About this task: Below are some records; copy them word for word and drop the pictures.

Records provided Start Marker

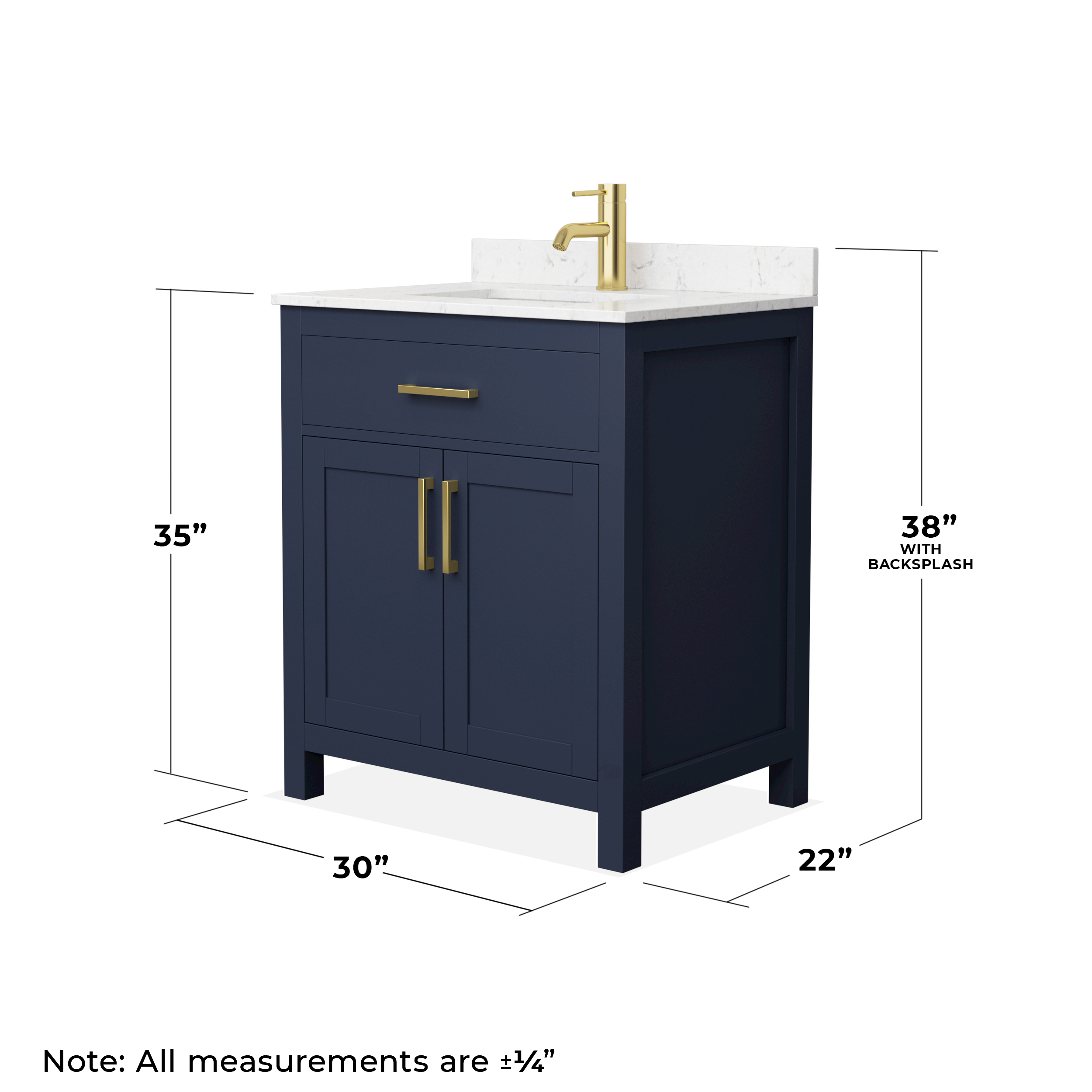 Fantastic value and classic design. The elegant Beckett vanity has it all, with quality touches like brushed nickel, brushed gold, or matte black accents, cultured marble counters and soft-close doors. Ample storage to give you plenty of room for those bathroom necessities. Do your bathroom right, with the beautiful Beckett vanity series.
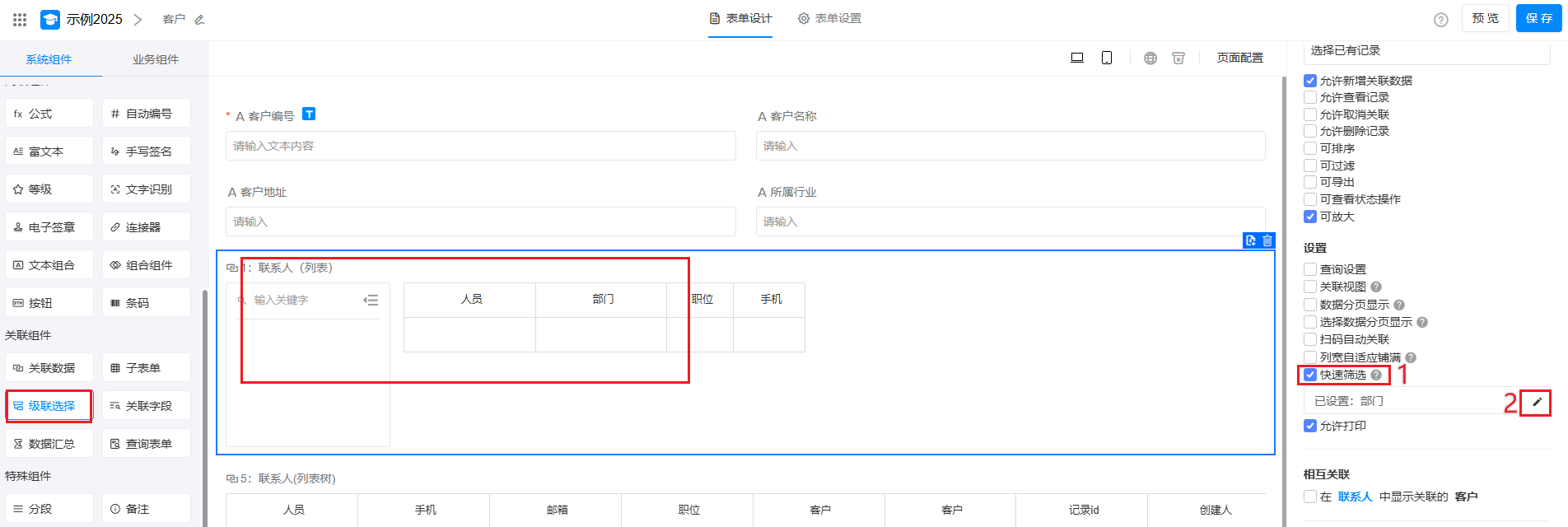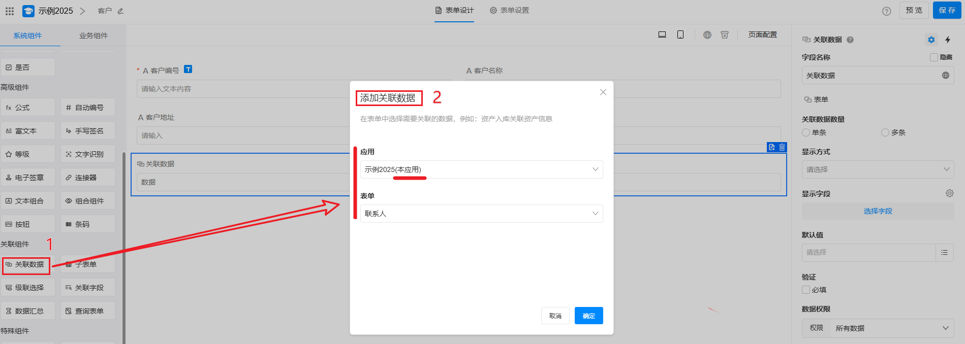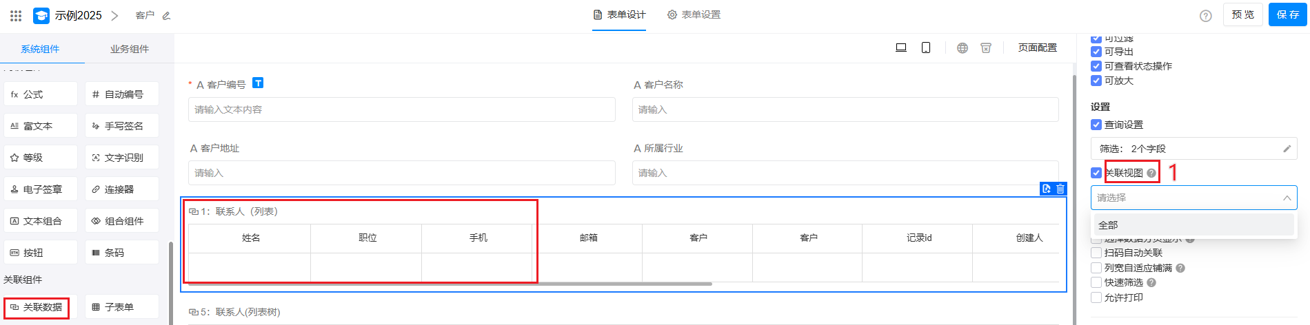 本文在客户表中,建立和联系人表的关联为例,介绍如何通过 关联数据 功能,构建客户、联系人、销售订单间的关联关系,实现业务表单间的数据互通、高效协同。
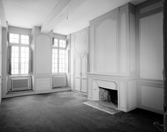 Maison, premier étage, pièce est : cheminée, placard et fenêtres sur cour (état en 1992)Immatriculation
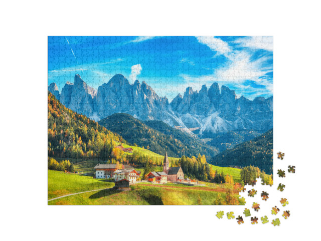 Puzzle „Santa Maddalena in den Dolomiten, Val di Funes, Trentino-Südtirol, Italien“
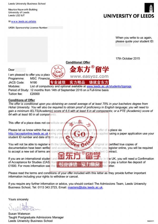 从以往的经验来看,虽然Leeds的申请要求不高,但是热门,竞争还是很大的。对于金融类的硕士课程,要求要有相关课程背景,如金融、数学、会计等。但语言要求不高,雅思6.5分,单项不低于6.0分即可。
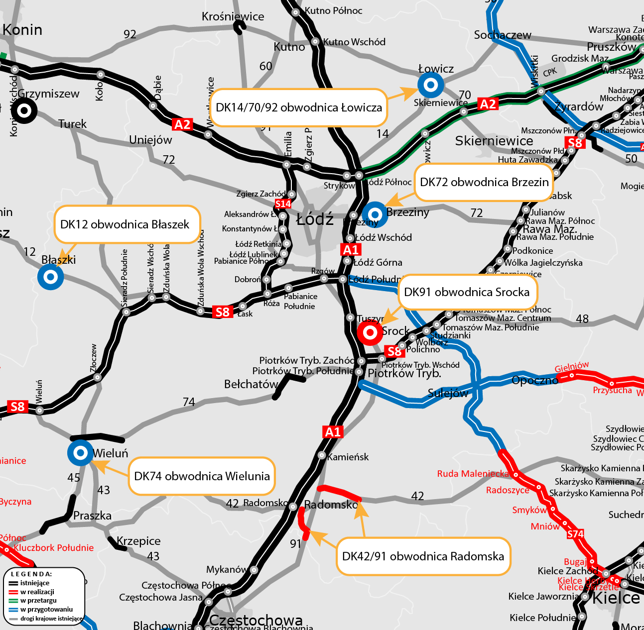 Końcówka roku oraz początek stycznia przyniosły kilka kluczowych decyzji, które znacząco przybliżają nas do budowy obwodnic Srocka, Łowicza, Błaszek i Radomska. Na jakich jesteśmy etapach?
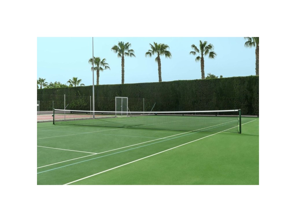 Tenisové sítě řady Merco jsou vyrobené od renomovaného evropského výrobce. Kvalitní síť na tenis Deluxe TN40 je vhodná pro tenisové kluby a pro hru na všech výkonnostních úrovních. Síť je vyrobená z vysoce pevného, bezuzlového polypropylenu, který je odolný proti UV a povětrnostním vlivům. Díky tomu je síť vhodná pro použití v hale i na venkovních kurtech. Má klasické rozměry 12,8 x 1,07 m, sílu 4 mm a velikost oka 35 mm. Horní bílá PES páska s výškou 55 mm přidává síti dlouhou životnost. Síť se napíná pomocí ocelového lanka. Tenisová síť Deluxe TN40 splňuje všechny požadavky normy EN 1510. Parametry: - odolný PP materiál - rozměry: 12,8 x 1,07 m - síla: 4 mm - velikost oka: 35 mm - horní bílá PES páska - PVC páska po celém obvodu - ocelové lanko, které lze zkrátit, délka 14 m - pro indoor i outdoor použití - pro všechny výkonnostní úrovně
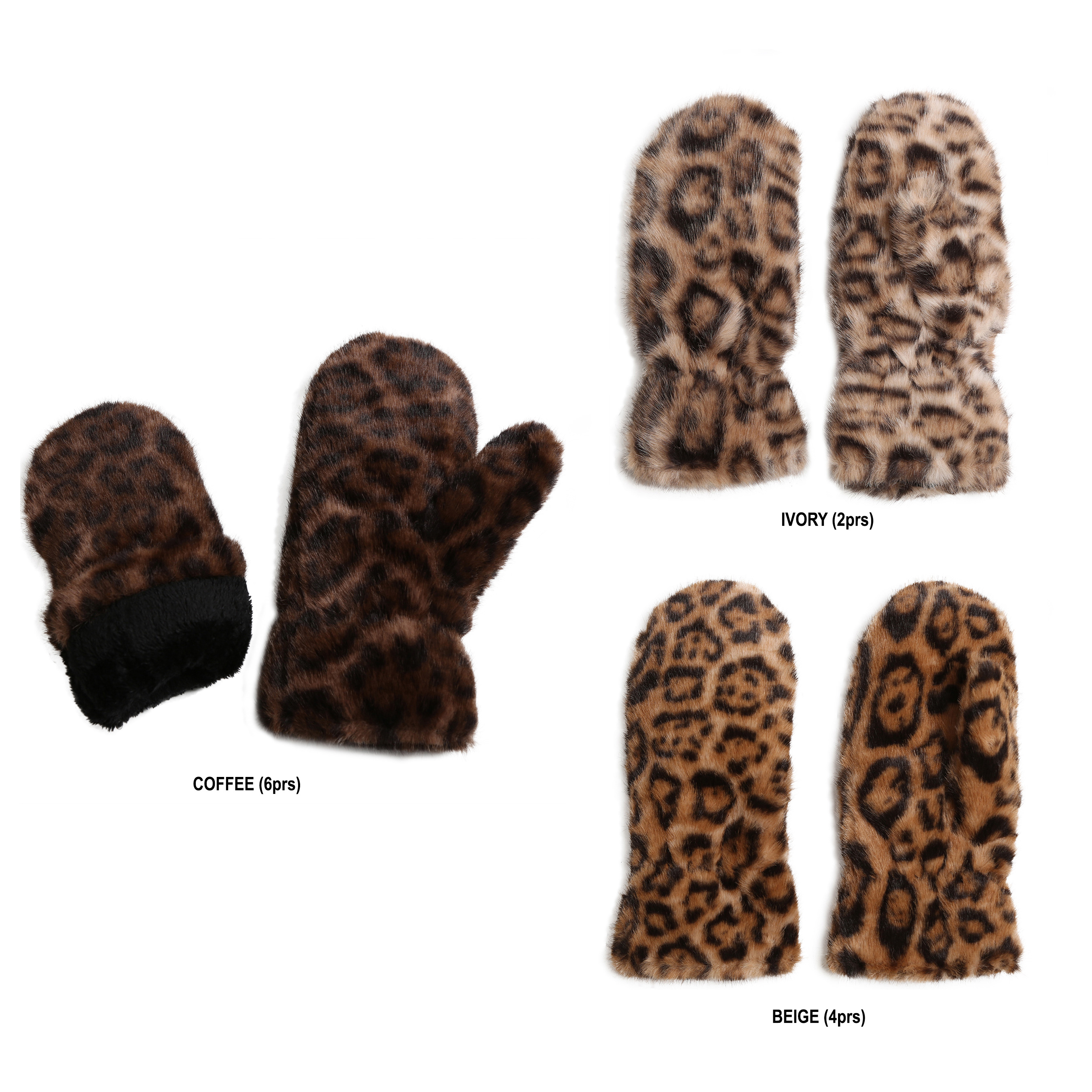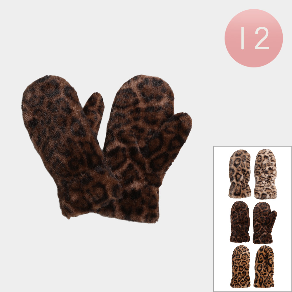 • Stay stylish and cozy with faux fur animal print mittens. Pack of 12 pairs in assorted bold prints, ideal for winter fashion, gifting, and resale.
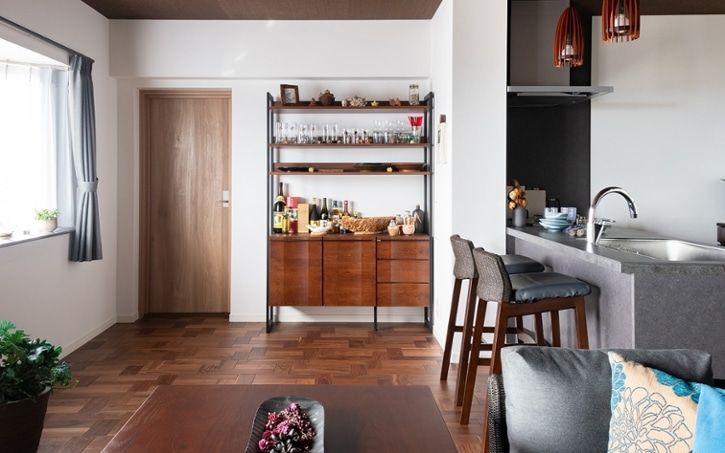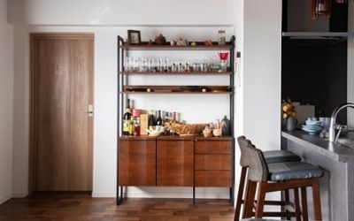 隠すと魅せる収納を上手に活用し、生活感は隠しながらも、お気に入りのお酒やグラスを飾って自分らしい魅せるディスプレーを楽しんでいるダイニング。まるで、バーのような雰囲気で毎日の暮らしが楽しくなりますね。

Records provided End Marker

Result of this exercise:
 Fantastic value and classic design. The elegant Beckett vanity has it all, with quality touches like brushed nickel, brushed gold, or matte black accents, cultured marble counters and soft-close doors. Ample storage to give you plenty of room for those bathroom necessities. Do your bathroom right, with the beautiful Beckett vanity series.
 本文在客户表中,建立和联系人表的关联为例,介绍如何通过 关联数据 功能,构建客户、联系人、销售订单间的关联关系,实现业务表单间的数据互通、高效协同。
 Maison, premier étage, pièce est : cheminée, placard et fenêtres sur cour (état en 1992)Immatriculation
 Puzzle „Santa Maddalena in den Dolomiten, Val di Funes, Trentino-Südtirol, Italien“
 从以往的经验来看,虽然Leeds的申请要求不高,但是热门,竞争还是很大的。对于金融类的硕士课程,要求要有相关课程背景,如金融、数学、会计等。但语言要求不高,雅思6.5分,单项不低于6.0分即可。
 Końcówka roku oraz początek stycznia przyniosły kilka kluczowych decyzji, które znacząco przybliżają nas do budowy obwodnic Srocka, Łowicza, Błaszek i Radomska. Na jakich jesteśmy etapach?
 Tenisové sítě řady Merco jsou vyrobené od renomovaného evropského výrobce. Kvalitní síť na tenis Deluxe TN40 je vhodná pro tenisové kluby a pro hru na všech výkonnostních úrovních. Síť je vyrobená z vysoce pevného, bezuzlového polypropylenu, který je odolný proti UV a povětrnostním vlivům. Díky tomu je síť vhodná pro použití v hale i na venkovních kurtech. Má klasické rozměry 12,8 x 1,07 m, sílu 4 mm a velikost oka 35 mm. Horní bílá PES páska s výškou 55 mm přidává síti dlouhou životnost. Síť se napíná pomocí ocelového lanka. Tenisová síť Deluxe TN40 splňuje všechny požadavky normy EN 1510. Parametry: - odolný PP materiál - rozměry: 12,8 x 1,07 m - síla: 4 mm - velikost oka: 35 mm - horní bílá PES páska - PVC páska po celém obvodu - ocelové lanko, které lze zkrátit, délka 14 m - pro indoor i outdoor použití - pro všechny výkonnostní úrovně
 • Stay stylish and cozy with faux fur animal print mittens. Pack of 12 pairs in assorted bold prints, ideal for winter fashion, gifting, and resale.
 隠すと魅せる収納を上手に活用し、生活感は隠しながらも、お気に入りのお酒やグラスを飾って自分らしい魅せるディスプレーを楽しんでいるダイニング。まるで、バーのような雰囲気で毎日の暮らしが楽しくなりますね。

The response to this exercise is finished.